There's no need to keep that code in the main yt-dl codebase if it is for special cases.

You could imagine a siloed yt-dl plugin called crack-riaa with separate tests, hosting, etc.

If yt-dl detects the obfuscation, it could fail with an error message point to the plugin's documentation.

That would only move the problem. That plugin would still need a Git repository, an issue tracker, tests, and an update mechanism. Or are you trying to say you don't care if this specific part of yt-dl gets deleted from the internet by RIAA?
It decouples the thorny part of yt-dl from the mainline and reduces risk of complaints in the future.

I do care if this part gets deleted, that's why I think it should be hosted somewhere more reliable than GitHub.
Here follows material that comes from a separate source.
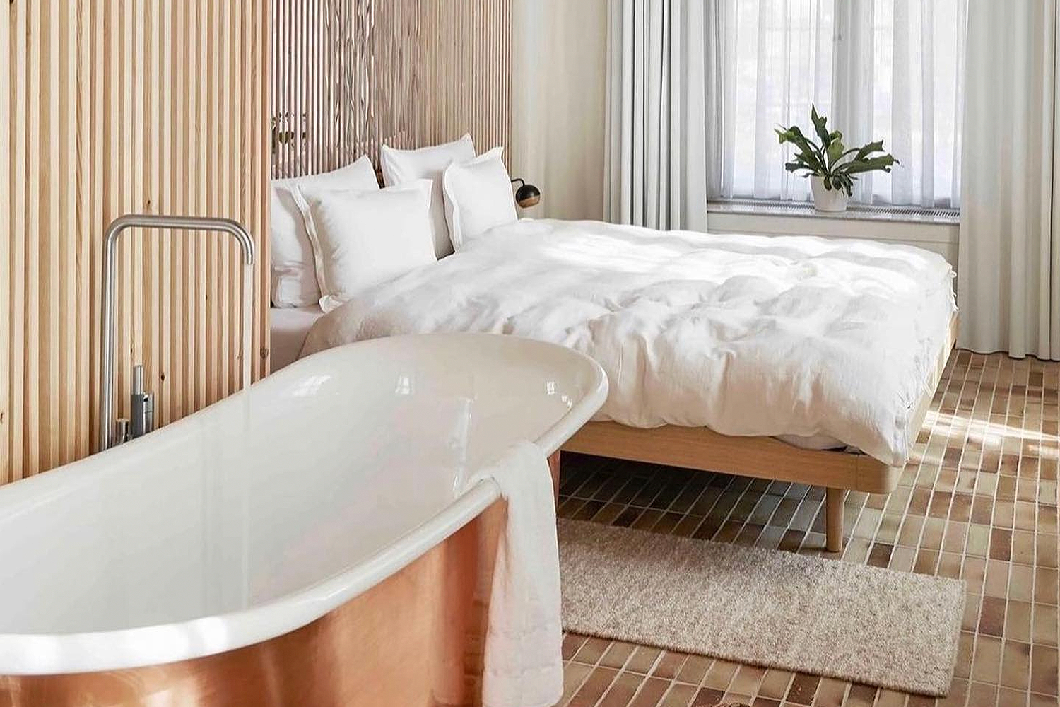 Stay: Hotel Sanders. Located just down the block from The Royal Theater, this serene retreat in the bustling center of Copenhagen is the ideal spot to begin your visit. Each of the 54 rooms at the Hotel Sanders spread across three 19th-century townhouses, radiates a mid-century Danish cool that pairs perfectly with their smiling staff. Plush lounge chairs, a complimentary minibar and a spacious bathroom with a walk-in shower allow you to recharge when you enter your room. While there are many spots to kick back inside its walls, the lush Tata cocktail bar is a must-visit. When you’re ready to venture out, ask for one of their loaner bikes.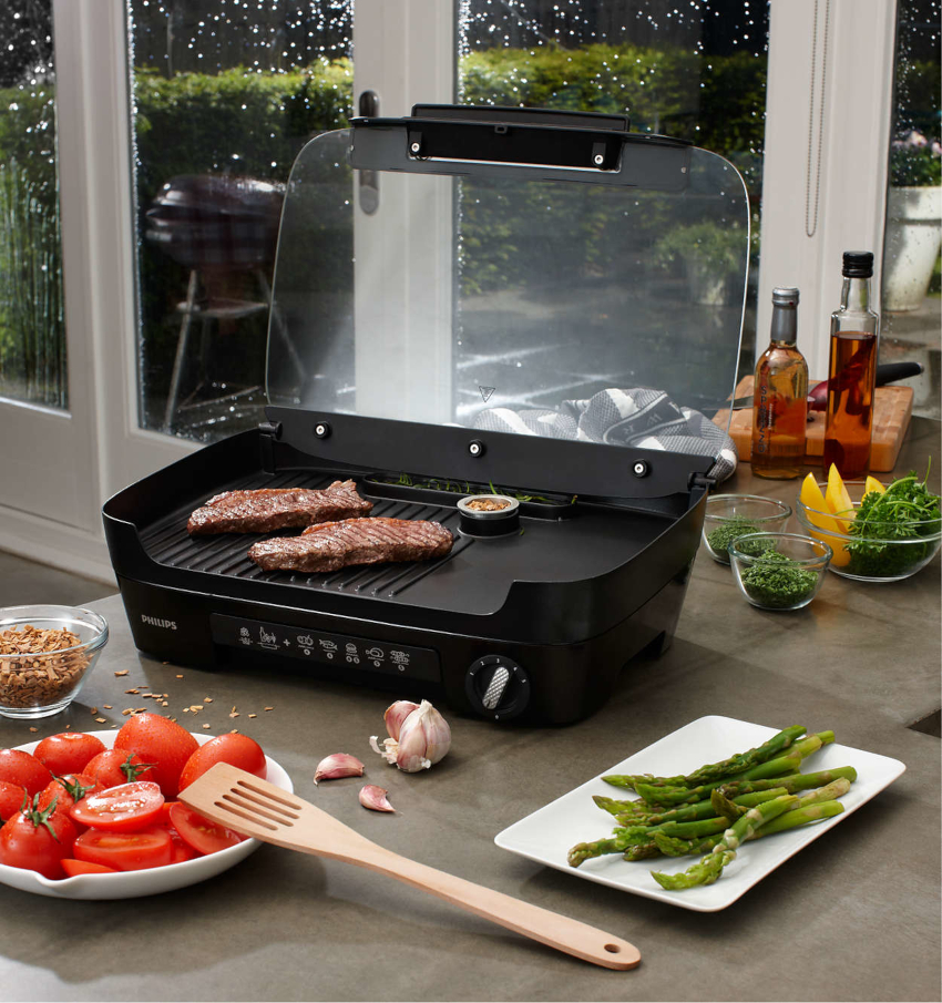 Philips is a Dutch brand that has long been firmly entrenched in the Russian (and also in the world) market. If you try to make a general comparison of electric grills from this manufacturer and other foreign companies, then the main difference will be the average size of desktop devices, on which you can cook a significant amount of food at a time. It is for this operational quality that many users consider Philips models to be the best electric grills for the home.

There are other options which aren't as polished, but may be better for hosting risky code like this, including self hosting.
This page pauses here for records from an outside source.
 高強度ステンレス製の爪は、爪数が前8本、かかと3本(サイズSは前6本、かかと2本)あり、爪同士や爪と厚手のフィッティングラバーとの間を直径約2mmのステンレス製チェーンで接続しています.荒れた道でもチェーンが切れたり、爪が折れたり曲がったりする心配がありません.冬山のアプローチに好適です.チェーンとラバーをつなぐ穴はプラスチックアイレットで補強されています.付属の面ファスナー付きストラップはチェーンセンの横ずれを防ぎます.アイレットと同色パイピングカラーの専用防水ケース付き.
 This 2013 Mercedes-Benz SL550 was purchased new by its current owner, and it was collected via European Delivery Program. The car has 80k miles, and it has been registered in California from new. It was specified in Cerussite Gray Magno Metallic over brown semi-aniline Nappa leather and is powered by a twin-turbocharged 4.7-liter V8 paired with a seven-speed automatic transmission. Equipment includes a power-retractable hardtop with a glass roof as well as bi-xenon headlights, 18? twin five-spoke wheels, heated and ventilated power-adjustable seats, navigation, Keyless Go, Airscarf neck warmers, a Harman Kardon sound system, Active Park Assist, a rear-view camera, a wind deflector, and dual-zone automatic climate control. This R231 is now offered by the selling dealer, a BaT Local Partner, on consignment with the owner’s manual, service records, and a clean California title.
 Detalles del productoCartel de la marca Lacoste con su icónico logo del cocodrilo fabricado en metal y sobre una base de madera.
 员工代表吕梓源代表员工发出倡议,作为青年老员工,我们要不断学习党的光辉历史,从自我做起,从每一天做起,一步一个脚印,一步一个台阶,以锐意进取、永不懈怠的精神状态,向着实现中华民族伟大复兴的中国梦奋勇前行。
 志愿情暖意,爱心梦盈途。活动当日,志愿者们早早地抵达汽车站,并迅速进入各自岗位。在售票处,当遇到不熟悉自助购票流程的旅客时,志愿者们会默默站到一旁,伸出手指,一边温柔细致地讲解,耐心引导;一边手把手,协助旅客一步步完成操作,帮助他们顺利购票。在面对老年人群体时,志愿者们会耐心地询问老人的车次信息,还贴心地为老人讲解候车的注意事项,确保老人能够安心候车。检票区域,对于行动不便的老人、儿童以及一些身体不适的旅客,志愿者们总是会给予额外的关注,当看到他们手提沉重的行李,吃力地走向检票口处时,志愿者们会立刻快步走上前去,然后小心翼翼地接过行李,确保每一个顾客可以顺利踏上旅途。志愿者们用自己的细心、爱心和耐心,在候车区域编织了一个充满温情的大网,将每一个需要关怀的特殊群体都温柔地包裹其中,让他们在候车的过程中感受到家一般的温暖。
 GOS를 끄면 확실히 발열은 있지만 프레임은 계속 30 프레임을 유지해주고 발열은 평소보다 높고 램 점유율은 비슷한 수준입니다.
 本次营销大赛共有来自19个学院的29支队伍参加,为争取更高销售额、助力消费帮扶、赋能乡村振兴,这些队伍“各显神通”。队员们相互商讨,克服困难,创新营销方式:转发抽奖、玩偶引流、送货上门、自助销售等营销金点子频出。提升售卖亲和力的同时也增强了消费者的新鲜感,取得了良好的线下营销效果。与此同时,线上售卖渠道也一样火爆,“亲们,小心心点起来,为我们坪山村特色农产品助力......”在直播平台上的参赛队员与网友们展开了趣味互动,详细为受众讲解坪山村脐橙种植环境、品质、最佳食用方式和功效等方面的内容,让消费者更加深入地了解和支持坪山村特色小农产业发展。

This code needs to be underground.

In my experience many videos have it, not necessarily ones associated with the RIAA (or perhaps the overzealous[1] content detector just thinks there's some of their content in there), so it's definitely necessary to decode the algorithm for youtube-dl to work on not just RIAA content videos.

IMHO giving the client both the key and the algorithm to decode the content should not count as any form of protection, but the lawyers don't care...

[1] https://news.ycombinator.com/item?id=16075325

Breaking copy protection is only illegal if you do not have a license to the work. Removing the protection breaking code isn't necessary, and everyone needs to stop pretending that it is.

This same clause of the DMCA is the suspected reason for py-kms's reinstatement after a takedown: it's perfectly legal to break the Windows license scheme if you already own a license to Windows.